В этом контексте по-новому начинает звучать и ещё один скандал, связанный с И. Глазуновым: в 1978 г. он добился проведения выставки в московском Манеже, на которой, помимо прочего, была выставлена его работа «Возвращение блудного сына», изображающая современного молодого человека в джинсах, стоящего на коленях перед, очевидно, неким святым. При этом большую часть картины занимало аллегорическое изображение советской истории: свиньи, мрачные индустриальные здания, растерзанные тела и чаши с кровью.

Совершенно несоветская выставка, тем не менее, была встречена вполне одобрительными рецензиями в «Правде». Как отмечал в связи с выставкой нтсовский журнал «Посев»: «трудно себе представить, чтобы подобное мероприятие было разрешено без вмешательства каких-то влиятельных сил правящего слоя, намеревавшихся таким образом не только прозондировать почву, но и продемонстрировать свою правоту столь же влиятельным оппонентам из другого лагеря в правящем слое, которые сумели оказать открытию выставки весьма сильное сопротивление» [16] . Очевидно, выставка была организована представителями «русской партии», боровшимися с Ю. Андроповым и использовавшими И. Глазунова для популяризации своих политических взглядов и демонстрации силы.
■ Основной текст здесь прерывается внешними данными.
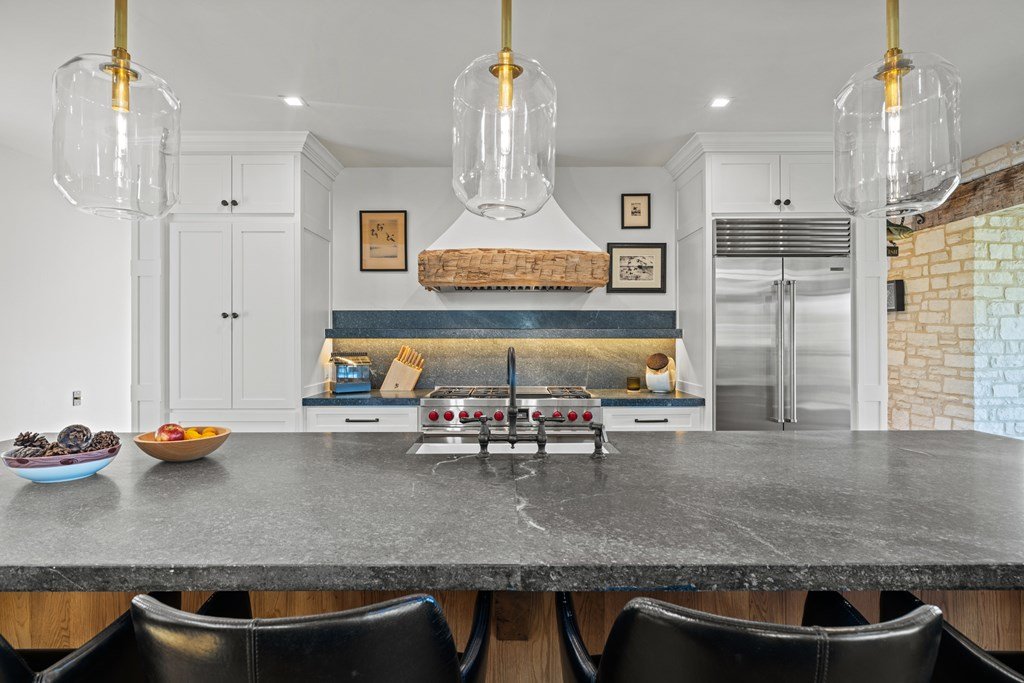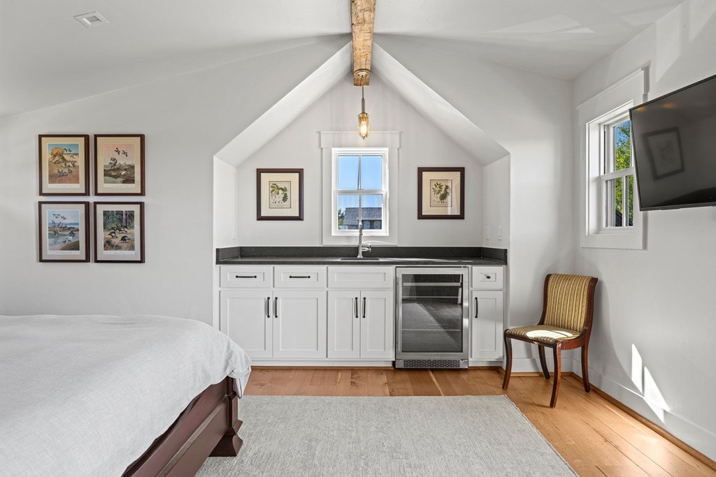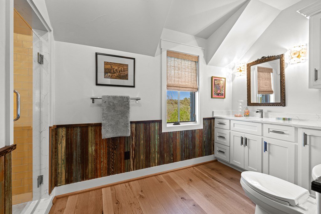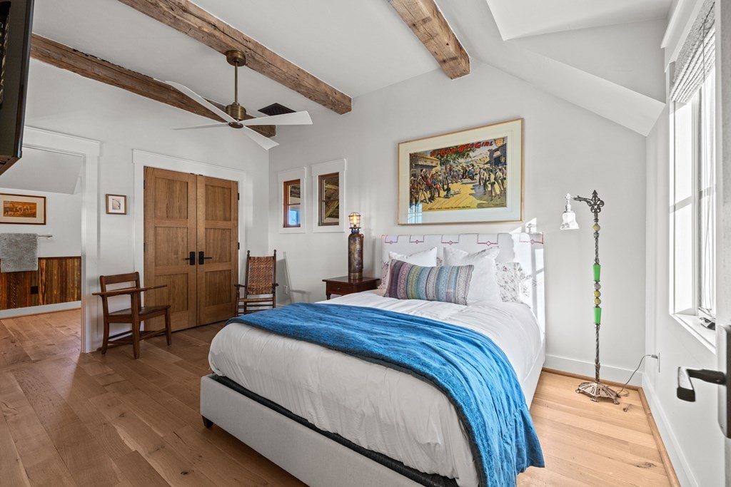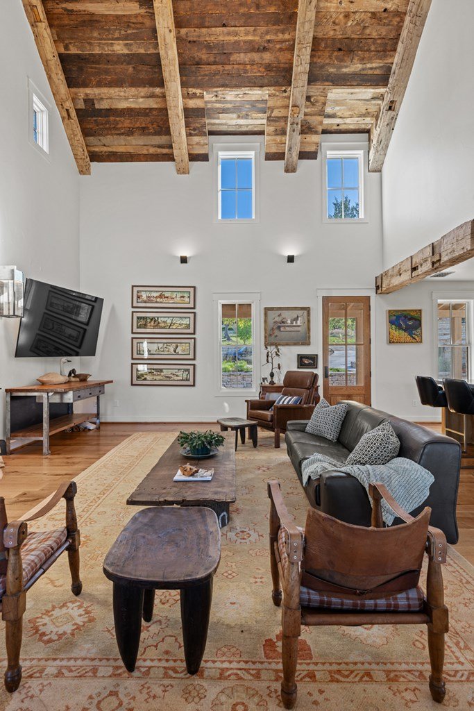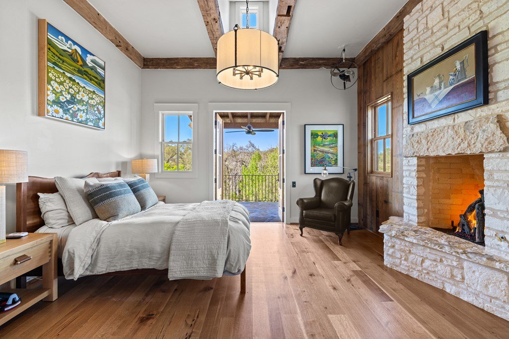 This beautifully designed residence in the Overlook Cabins at Boot Ranch reflects 19th-century Fredericksburg charm and features an authentic log cabin from a Pennsylvania dairy farm (circa 1800s). The residence, located along Palo Alto Creek, includes two bedrooms with ensuites and an additional guest bath. Built with reclaimed timbers, cypress, and longleaf pine, it showcases a floor-to-ceiling limestone fireplace and white oak flooring. The open-concept kitchen and living area, perfect for entertaining, features premium Wolf appliances, a six-burner gas range, an extensive island, and a spacious butler pantry. The combination of wood and native stone faades enhances the dining area, merging modern elements with historical materials. Details such as the hand-crimped ridges on the standing seam roof, unique copper details, and the porch roofs are crafted with fireproof Endurashake shingles prove attention to detail. The barn-style detached garage accommodates two cars and a golf cart, above offering a one-bedroom ensuite for privacy. Additionally there is the log cabin with two bedrooms and two full baths, providing further bedroom accommodations. Boot Ranch is a gated community exclusive to its members with multi-generational membership plans. The community includes multiple lakes, award winning Golf course, amazing lodge with award winning chefs, multiple pools, tennis and pickle ball courts, the list goes on! Come be a part of this amazing community.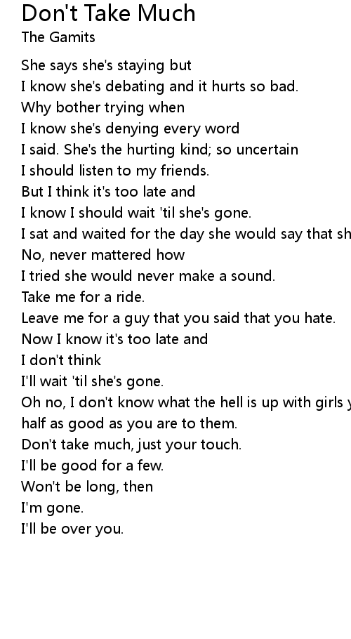 Don't take much, just your touch. |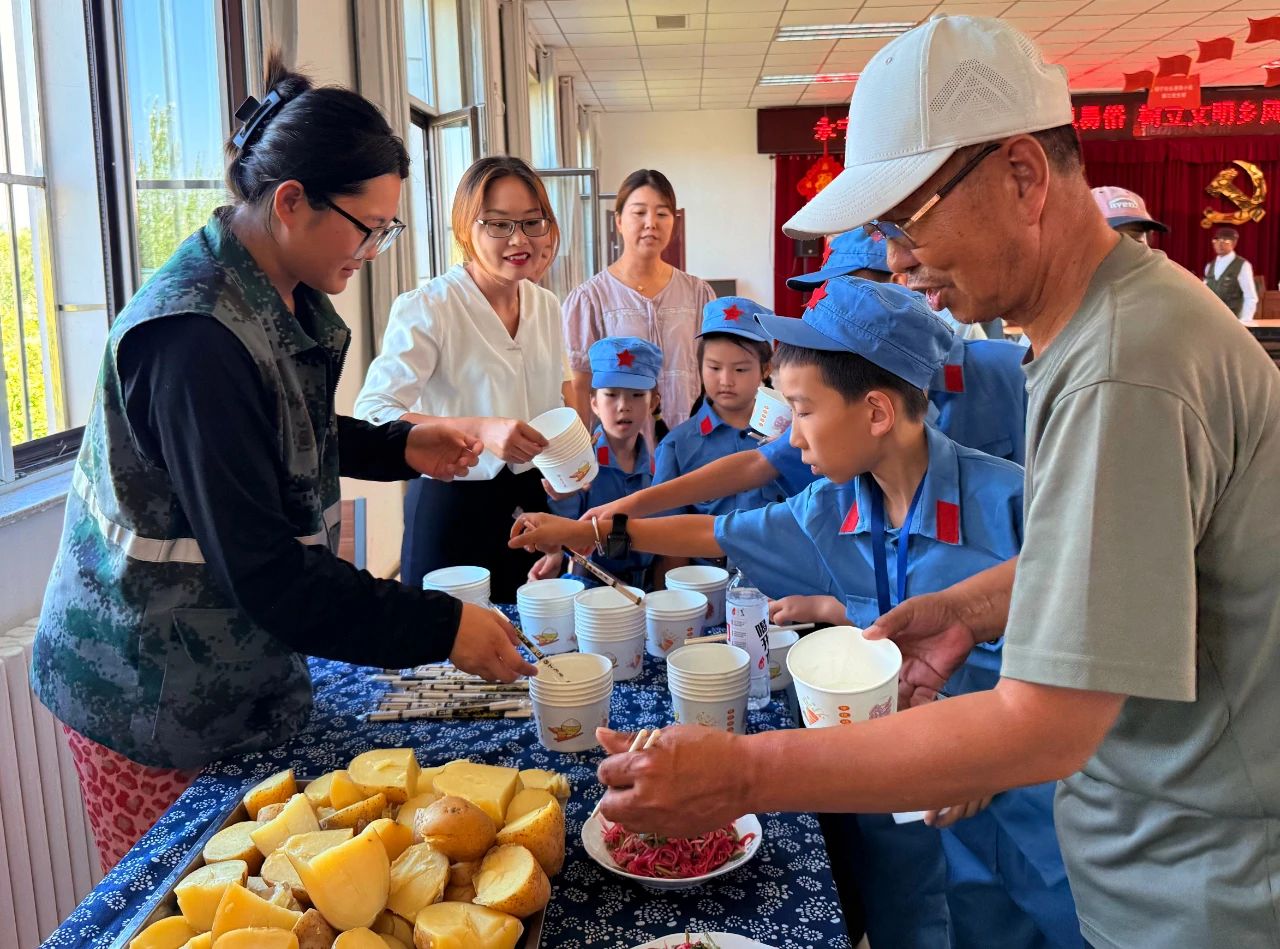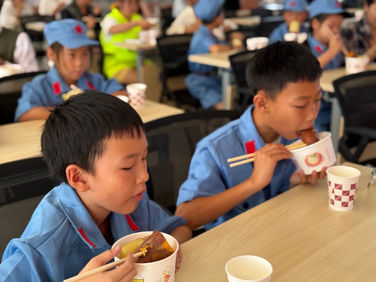 一飯一粥憶初心。福寧社區(qū)準備的“憶苦思甜飯”桌旁,褪去鮮艷色澤的煮土豆、紅薯、玉米,仿佛無聲訴說著革命年代的樸素與艱辛,已然成了最生動的教材。打飯時,老兵為孩子們講述當年“一把炒面一把雪”的行軍故事,讓孩子們在品嘗中懂得“甜”的來之不易?!盃敔?,原來在那么難的時候,能吃上這樣一頓熱乎乎的飯,都是那么難得!”軍娃王怡涵捧著溫熱的土豆輕聲道。這種沉浸式體驗讓“感恩”與“奮進”的種子在孩子們心田中悄然生根發(fā)芽。

Хотя в 1982 г. Ю. Андропов все же одержал верх над своими противниками (бывший шеф КГБ стал генеральным секретарём после смерти Л. Брежнева, а Н. Щелоков лишился своего поста и спустя несколько лет покончил с собой при не вполне выясненных обстоятельствах), И. Глазунов и его покровители в верхах вне всякого сомнения проделали колоссальную подрывную работу по распространению в СССР националистических, ультрарелигиозных и монархических идей, щедро сдобренных всевозможными теориями масонских заговоров. Кроме того, именно через посредство И. Глазунова в позднесоветской творческой и политической элите распространялись идеализированные и далёкие от реальности представления о Российской империи, белом движении и русском зарубежье. Этот живописец-черносотенец десятилетиями успешно организовывал различные националистические клубы и кружки, которые пышным цветом расцвели уже в постсоветский период.

И. Глазунов «На колхозном складе», 1986 г.
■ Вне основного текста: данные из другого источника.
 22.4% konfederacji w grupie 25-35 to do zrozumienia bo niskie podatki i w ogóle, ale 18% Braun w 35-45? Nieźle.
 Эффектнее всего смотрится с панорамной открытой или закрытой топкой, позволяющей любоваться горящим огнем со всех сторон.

После 1991 г. И. Глазунов обрёл открытую государственную поддержку: он получил здание и финансирование для своей академии, выставлялся на лучших площадках, был отмечен высокими наградами и имел возможность регулярно общаться с первыми лицами страны. В преклонном возрасте он продолжал в картинах и книгах пропагандировать свои черносотенные взгляды и конспирологические теории, объяснявшие русскую революцию заговором масонов-русофобов [17] . «Моя политическая позиция четко выражена…: «Православие, Самодержавие и Народность [18] » — откровенно заявлял художник-неомонархист, попутно занимаясь рекламой т. н. «Велесовой книги» — знаменитой подделки националистов-неоязычников [19] . Его циклопические полотна поздних лет — «Россия вечная», «Мистерии ХХ века», «Рынок нашей демократии» — также были наполнены примитивными конспирологическими символами (Лев Толстой с масонскими символами на груди и т.д.) и открытыми националистическими посланиями, что всякий раз вызывало одобрение и восторг у всех радикальных националистов и монархистов.
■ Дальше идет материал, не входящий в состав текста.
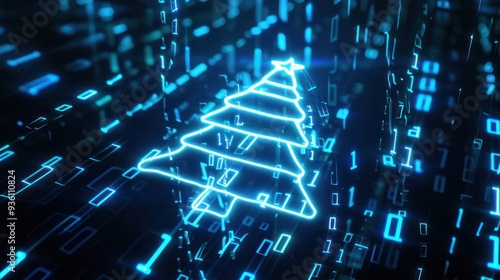 © Barokahe, Obraz premium Digital Christmas Tree in a Binary World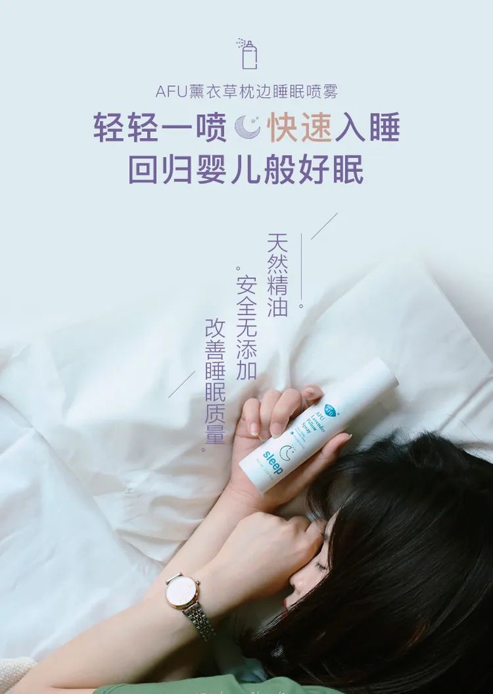 这时候拿出阿芙薰衣草睡眠喷雾在枕头上或枕头附近的空气中喷两下(喷两下即可),让清新舒适的味道消散一会,两分钟后再躺下,就可以很快入睡了。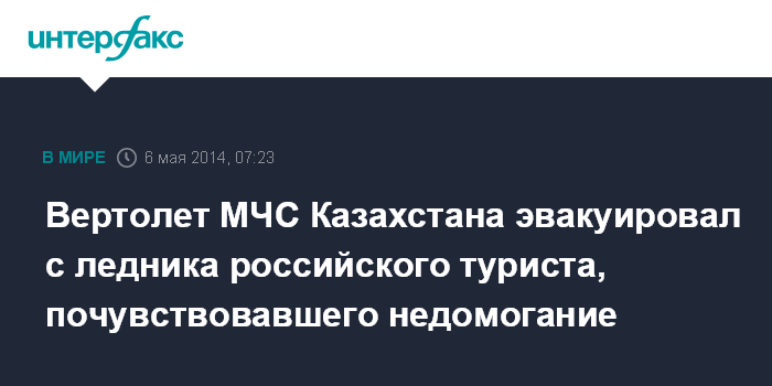 Москва. 6 мая. INTERFAX.RU - Казахстанские спасатели доставили в больницу туриста из Новосибирска, которому стало плохо в горах Джунгарского Алатау (в Алматинской области Казахстана, на юго-востоке).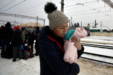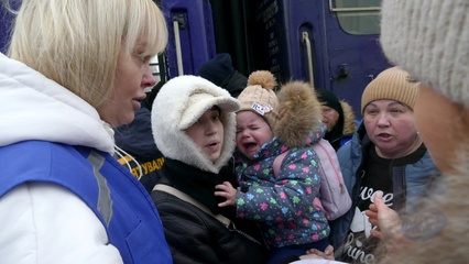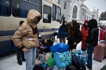 Evacuation train from frontline areas arrives at Mukachevo railway station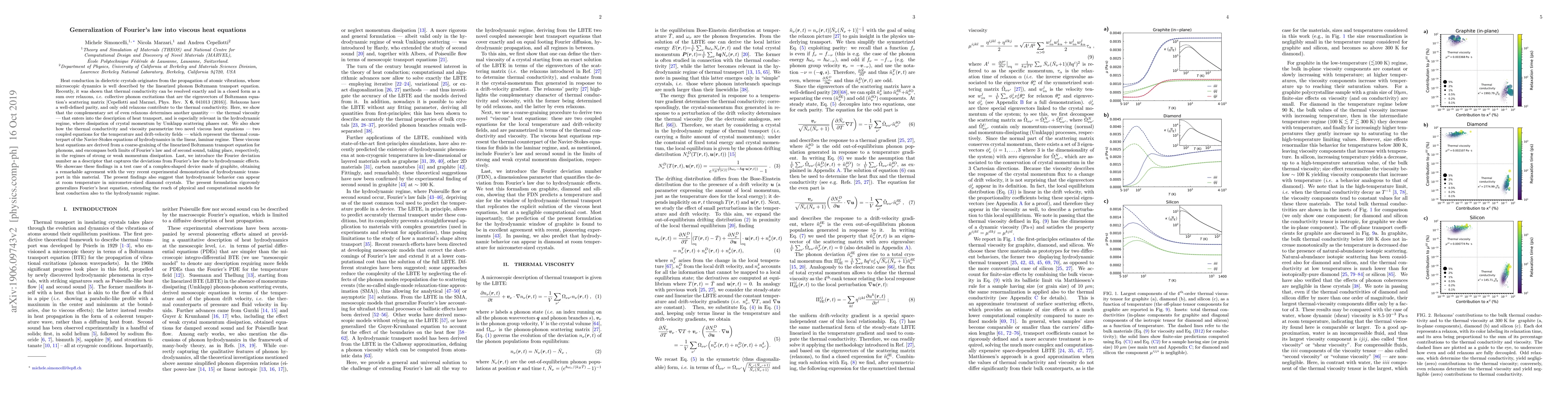 This paper generalizes Fourier's law into viscous heat equations by introducing thermal viscosity from even relaxons, which complements thermal conductivity from odd relaxons. The study derives two coupled viscous heat equations that describe heat transport in the hydrodynamic regime, showing remarkable agreement with experimental results in graphite and suggesting potential hydrodynamic behavior in diamond crystals at room temperature.

Два патриарха «русских» радикалов И. Глазунов и А. Проханов у картины «Россия вечная», на которой одежды князя Владимира – крестителя Руси украшают свастики


Биография И. Глазунова — поразительный пример того, как практически открытый антисоветчик, монархист и черносотенец сумел сделать карьеру в Советском Союзе и десятилетиями открыто работал на распространение в СССР самых безумных националистических и неомонархических идей, находясь в постоянном контакте с властью и эмигрантами, а, следовательно, и с западными разведками. Как признавал спустя много лет его соратник, тоже неомонархист-антисемит Владимир Солоухин: «У него всегда были свои игры и с Кремлём, и с заграницей» [20] . Солоухин считал Глазунова своим учителем, который научил его искренне ненавидеть коммунистов. Остаётся лишь констатировать, что какие бы игры не вели подобные люди (и те силы, что их продвигают), цель у них всегда одна — ослабить единство России и столкнуть нашу страну и общество в омут ксенофобии, регресса и невежества.